Private GKE Clusters

We are investigating support for private GKE clusters using the normal user interface, through public endpoints on private clusters.

Private EKS Clusters

As of March 2019, you can now also configure your EKS cluster to be only accessible from private networks such as the VPC the cluster resides in or any peered VPCs.

If you create an EKS cluster with the “Private endpoint only” option (https://aws.amazon.com/blogs/containers/de-mystifying-cluster-networking-for-amazon-eks-worker-nodes/), all traffic to your cluster API server must come from within your cluster’s VPC or a connected network. There is no public access to your API server from the internet. Any kubectl commands must come from within the VPC or a connected network.

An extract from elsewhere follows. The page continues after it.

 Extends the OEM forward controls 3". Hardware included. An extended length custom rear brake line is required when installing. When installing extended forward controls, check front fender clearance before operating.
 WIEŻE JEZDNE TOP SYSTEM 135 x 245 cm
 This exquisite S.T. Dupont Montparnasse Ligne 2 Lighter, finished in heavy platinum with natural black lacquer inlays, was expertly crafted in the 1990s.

The default Cado EKS acquisition interface requires access to the Cluster endpoint from the Cado platform. If the Cado platform doesn't have access to the Cluster endpoint via a public endpoint or another method such as peered VPCs (https://docs.aws.amazon.com/vpc/latest/userguide/vpc-peering.html), you can use the option "Alternate Private EKS Cluster Access" below. Note that if you are running EKS on EC2 nodes, it may be easier to use the "Alternate Collection by Acquiring the Volume of the Node" option above.

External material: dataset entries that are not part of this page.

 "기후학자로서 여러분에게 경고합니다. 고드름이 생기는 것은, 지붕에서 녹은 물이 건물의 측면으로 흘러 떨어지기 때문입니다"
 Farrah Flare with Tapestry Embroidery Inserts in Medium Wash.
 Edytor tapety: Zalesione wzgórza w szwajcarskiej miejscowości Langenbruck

Alternate Private EKS Cluster Access

If the Cado platform cannot access the Cluster endpoint, you can instead acquire via deploying the Cado Host acquisition script.

Please see our Knowledge Base for more details.

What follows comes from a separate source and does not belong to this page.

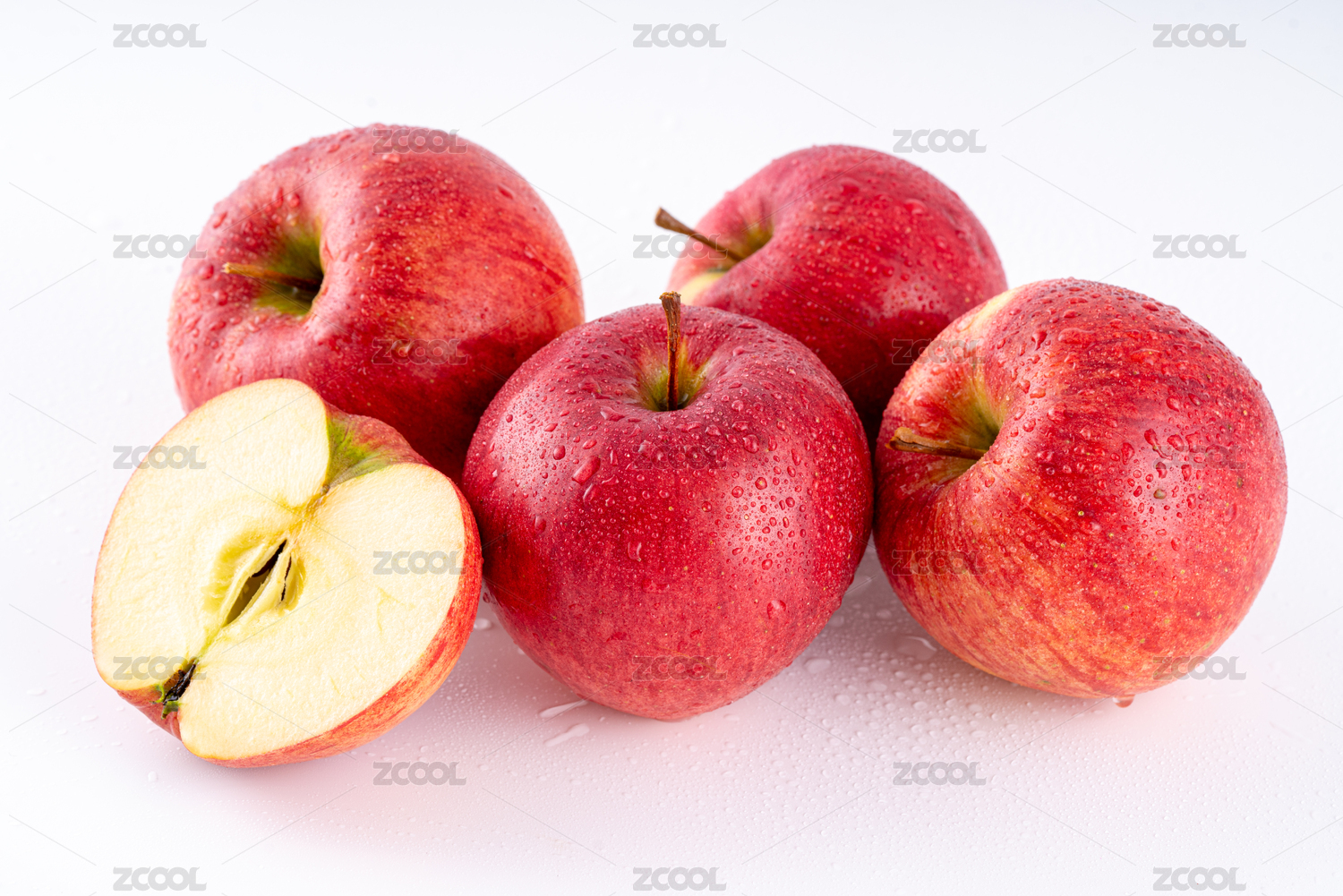 白底上放着切开的苹果

Methods for Executing Kubernetes API Commands Inside a Private Cluster VPC

Alternate options include Bastion Hosts, SSM, AWS Private link, AWS Cloud9, AWS VPN, AWS Direct Connect. See the links below for options for accessin the Kubernetes API within the Private Cluster VPC.

How to connect using a Bastion Host:

• https://cloudtipss.com/Create-Private-EKS-With-Bastion/
• https://medium.com/@muppedaanvesh/jump-box-setup-on-eks-cluster-383ca92f51ef (Terraform)
• https://stackoverflow.com/questions/75207618/how-is-eks-cluster-accessible-when-deployed-in-a-private-subnet

How to connect using SSM, optionally via a Bastion host or direct to the Node:

• https://awstip.com/securely-connect-to-a-private-eks-cluster-using-aws-ssm-session-forwarding-systems-manager-5d0767edea61
• https://stackoverflow.com/questions/70827578/how-do-we-access-the-kubernetes-api-server-with-kubectl-from-a-private-eks-clust
• https://help.gopaddle.io/manage-pre-existing-clusters/register-pre-existing-cluster/register-aws-eks-cluster/eks-cluster-with-private-access-endpoint-and-a-bastion-host

How to connect to the VPC using via VPN or similar:

• https://docs.aws.amazon.com/vpc/latest/userguide/vpn-connections.html
• https://hodovi.cc/blog/private-eks-api-endpoint-behind-openvpn/ (OpenVPN)
• https://docs.aws.amazon.com/whitepapers/latest/aws-vpc-connectivity-options/aws-direct-connect.html (DirectConnect)

How to connect using Private Link:

• https://docs.zeet.co/guides/advanced/eks-privatelink/
• https://docs.aws.amazon.com/eks/latest/userguide/vpc-interface-endpoints.html

How to connect using Cloud9:

• https://stackoverflow.com/questions/65049271/how-to-connect-to-eks-cluster-from-cloud-9-instance-using-kubectl

Kubernetes RBAC Requirements

Cado requires both write and execute access to containers, in order to download and execute the Cado Host binary to collect forensic artifacts from side containers. In particular, Cado requires ‘get’ and ‘list’ for the ‘pods’ resource, and ‘get’ and ‘create’ for the ‘pods/exec’ resource. Cado Host can run as a normal user, not sudo, although less data may be acquired.

Distroless / No Shell Containers

Please use Cado Host to acquire distroless Containers.

On-Premise Clusters

If you are using an on-premise or otherwise custom implementation of Kubernetes, you may be able to collect data by executing the Cado Host shell script inside the container. See for example, the documentation for OpenShift. You may also be able to process the Volume of the node, if you have access to it (see “Collecting the Node Volume” below for more).

Alternative Collection Methods via other Agents or Sidecars

If you are using an agent in your containers that has the ability to execute code, you may be able to collect data by manually deploying Cado Host inside the container for collection. A similar approach may be possible using a sidecar container with access to the target container's data, manually deployed.